I can't provide any documented proof on this, and the info I have is a decade old and second hand, but there was at one point a culture of skimming, kickbacks and cost cutting that pervaded China. The stories I've been told had to do with printed goods, books, board games, card games, etc related to the table top gaming industry (think: Dungeons & Dragons, Magic the Gathering, HeroClix, etc.)
In general, many of the factories in china were perfectly capable of producing products on-par or even in some cases exceeding the quality of the products made in America or Europe. When large companies would spec a product, they would sometimes send representatives to China to evaluate the production line, check quality on pre-production samples and sign off on the production of however many units they needed (be it 10k or 1m units.)
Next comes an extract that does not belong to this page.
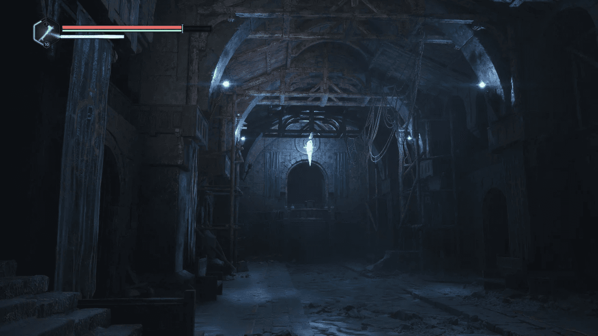 Где найти: меч спрятан в Лимбической крепости на озере Цинон. Чтобы до него добраться, нужно дважды опустить уровень воды с помощью колеса неподалёку. После этого спустись по северо-восточной лестнице и спрыгни в дыру. Далее иди прямо, пока не дойдёшь до комнаты, забитой врагами. После боя иди вправо до комнаты с сияющим кристаллом над алтарём. Отсюда пройди налево и вниз по лестнице. Когда вернёшься в комнату с колесом, спрыгни на любую из платформ ниже. Меч будет на одной из них.
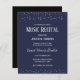 Lovely faux gold glitter confetti highlights on the top and bottom border. Faux silver foil music notes on the top of invitation. Silver and blue elegant and simple music recital invitations. Great for piano, flute, clarinet, trumpet, violin, guitar, or multiple student music recitals. Generic for multiple instrument types.

The problems would generally start as soon as the factory would re-order supplies. If the U.S. company provided material specs to the factory and allowed the factory to source the materials, than as soon as the factory needed to resupply they would send out the materials for a rebid from their suppliers (or if they had a preferred business partner they would just go direct to them) -- this would often result in the factory either getting the materials for less and keeping the difference for themselves, or getting kickbacks of one type or another -- the problem was that sometimes these new materials would not actually meet spec and would result in lower quality product. Since the U.S. company would normally not have one of there people "on the ground" these sub-standard materials wouldn't necessarily get caught and would make it into the U.S. supply chain and out to retailers. Now sometimes, these would get identified later, sometimes they wouldn't. If found, sometimes the U.S. company would switch factories -- but generally the costs of moving production would out weigh the benefits and they would get "reassurances" from the factory that they would only use approved vendors for materials in the future (which would sometimes stick and sometimes not.)
The largest companies keep a quality team in-place, on the ground, locally in China to make sure these things don't happen -- but many companies find it cost prohibitive.
Another anecdote was an NPR story I heard last year that had to do with Apparel manufacturing. The problem that industry would have is that they would get production samples from a factory and they would be perfect. The factory would start producing the product and suddenly the product would get popular. The manufacturer would contact the factory and ask if they can ramp up the production on their next run so that instead of 10k units on the next shipment they need 50k units. The factory, not wanting to loose the business, would say "sure no problem" even though they knew they couldn't possibly produce more than 20k units in the given time frame. The factory would then subcontract with other factories to produce the extra and those factories would then produce sub-standard product that would end up mixed in with the good stuff.
This kind of behavior is not unique to China, or even to just a few regions -- this kind of activity happens world wide, it is just more pervasive in China (or at least it was a decade ago.) It's the responsibility of the manufacturers to find reliable factories that can produce on-spec, and to spend the resources needed to make sure the product ships on-spec. It just happens that when you own your own factories, or when your employees don't have to travel halfway around the world to do Q/A, than it's more likely you'll keep a closer eye on the results.
Not much point to arguing about all of it though -- perhaps TLG decided that the collectible minifigs were less likely to be "played" with in the same manor as the figures from their normal sets, and as such they could cut some corners with the particular quality of ABS used, the maintenance & quality of the molds (are the mold lines more visible on the CMFs?), etc.